If you change your browser's UserAgent string to Googlebot, then your client will be treated as a first-class citizen, by many of these sites. Google always wins, so let's all be Google.
It's extremely rare to be ip-blocked by any website just for using the Google's user agent from a non-specific range. IP's get re-used and you can switch to a new one easily, so it's really not common or good practice for this to happen.
> IP's get re-used and you can switch to a new one easily, so it's really not common or good practice for this to happen.
On the flip side, some people can't change their IP addresses easily, and getting IP banned (even if rare because of the reasons you stated) is actually a major hassle when it actually happens for those people. :/
Is that really a thing? That must be such a hazard for their developers. I usually have a test for sites that I work on, that scrapes a few URLs as Googlebot, to verify that they are getting an optimized view (no JS, structural-only css).
Yes. Googlebot only crawls from legit addresses (even when their developers are trying new things) so it's an easy scraper/scammer signal to key off of.
No. It allows Google bots to see full articles, but shows only the first paragraph or so to non-subscribers. Even if they're coming from Google search results.

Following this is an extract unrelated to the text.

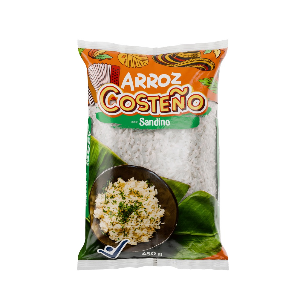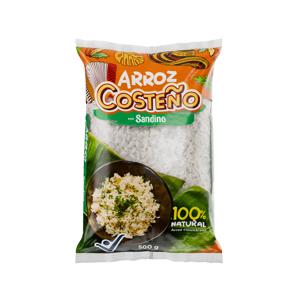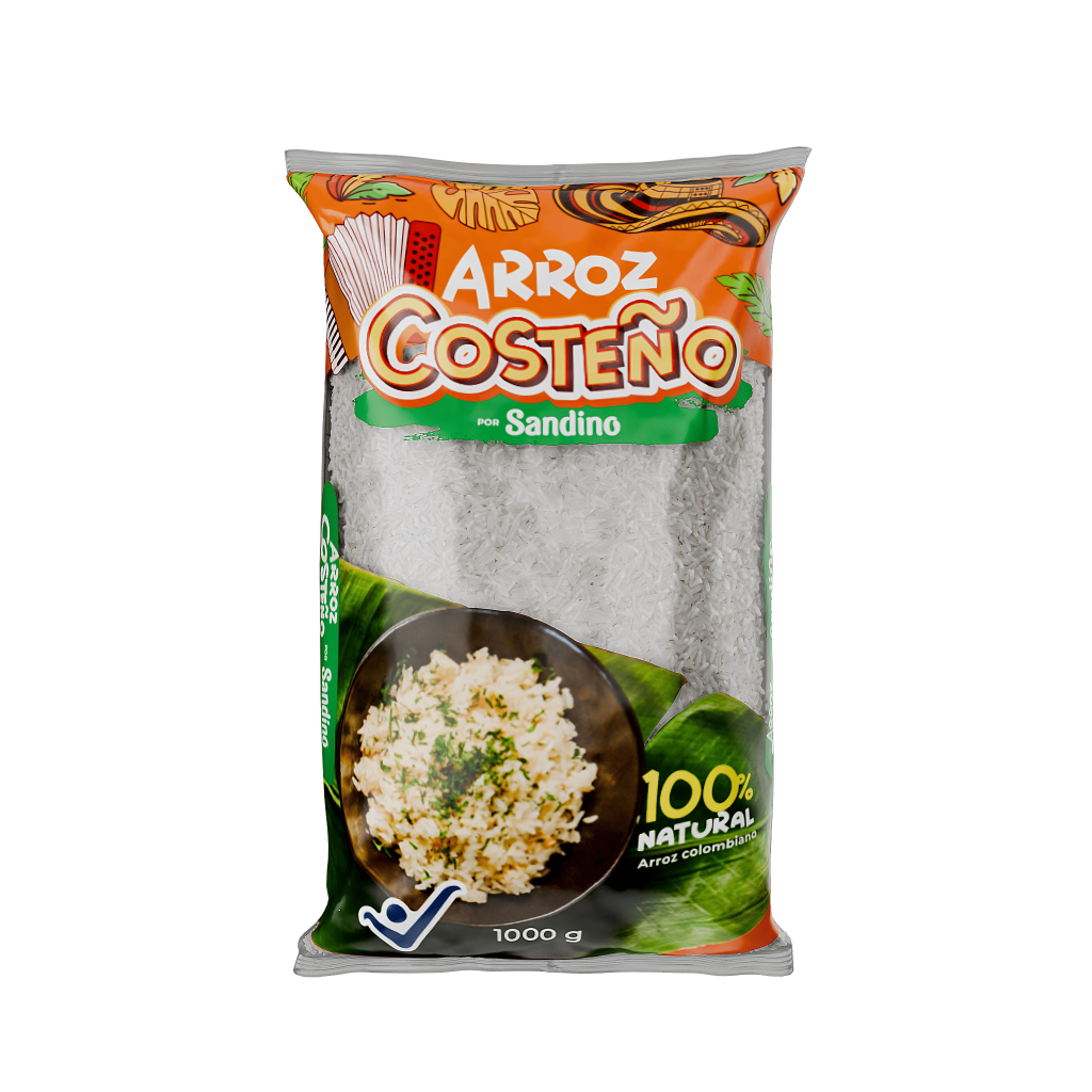 ¿Por qué Arroz Costeño por Sandino ? Nació para acompañar la cocina caribeña colombiana. Grano largo, suelto y de cocción rápida — exactamente lo que piden el arroz con coco, el sancocho de guandú y la mesa costeña. El sabor del Caribe en cada porción.

However, I don't see cache links on Google :(
Edit: Oops, I'm wrong. The article does say that the Google bot only sees the first paragraph or so.

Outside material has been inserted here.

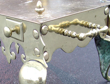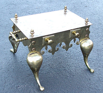 QUEEN ANNE BRASS AND IRON FIRESTOOL: Cast iron legs, brass seat and shaped apron. 19'' h. x 12 1/2'' x 18 1/4'' overall.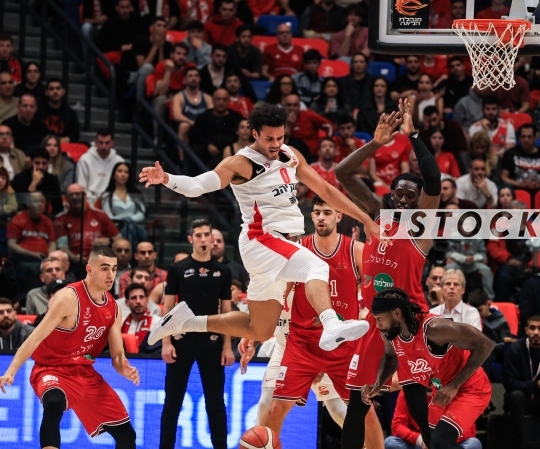BKB-ISR Premier League Matchday 1 – Hapoel Tel Aviv (in red) vs. Hapoel Jerusalem (in white), January 11, 2025, Menora Mivtachim Arena, Tel Aviv, Israel.

"The reason: Google search results are based on an algorithm that scans the internet for free content. After the Journal’s free articles went behind a paywall, Google’s bot only saw the first few paragraphs and started ranking them lower, limiting the Journal’s viewership."
I call that enacting the nuclear option. It's almost guaranteed to win the war with ad-tech! It should be enacted for sites with run-away ad engines that spin up your CPU fans and make scrolling laggy.
Of course, the problem with nuclear is collateral damage. Drop the bomb and ads don't work, but neither does a lot of other stuff. E.g., the site shows a blank screen, images are invisible or blurry, drop-down menus don't drop. And, of course, the deal-breaker: videos don't play.
The remedy for killing JavaScript is more JavaScript (and CSS). But supplied inside a Chrome extension targeted at the offending site. An injected stylesheet makes `<body>` visible again, hides assorted useless junk, and styles injected UI elements. Your content scripts load the missing images, drop the menus down, and play the unplayable videos in button-activated pop-over windows displayed at superior resolution.
Of course, the problem is, there are a lot of sites out there, and they change unpredictably, requiring your extension library to change in response. That argues for crowd-sourcing the extension library, but the crowd needs to be proficient in HTML, JavaScript, and CSS and know the ins and outs of browser extensions and care and have time.
You can completely change how a site presents. E.g., change a slide-show in a static slide window that barely moves due to the background ad-tech load changes into a set of `divs` that roll upwards as your finger swipes.
It's a hobby at best. Disabling ad-tech components by origin is the practical option.
Call me Dr. Strangelove, then. I usually browse with JS off, enabling it on occasion. And there are some whitelisted sites.
I used to play around with filtering sites to make them less antisocial, but find that slog less entertaining these days. So now when confronted with a site that's useless without JS, eh, there's almost always another site out there that doesn't mind the terms I demand for my attention.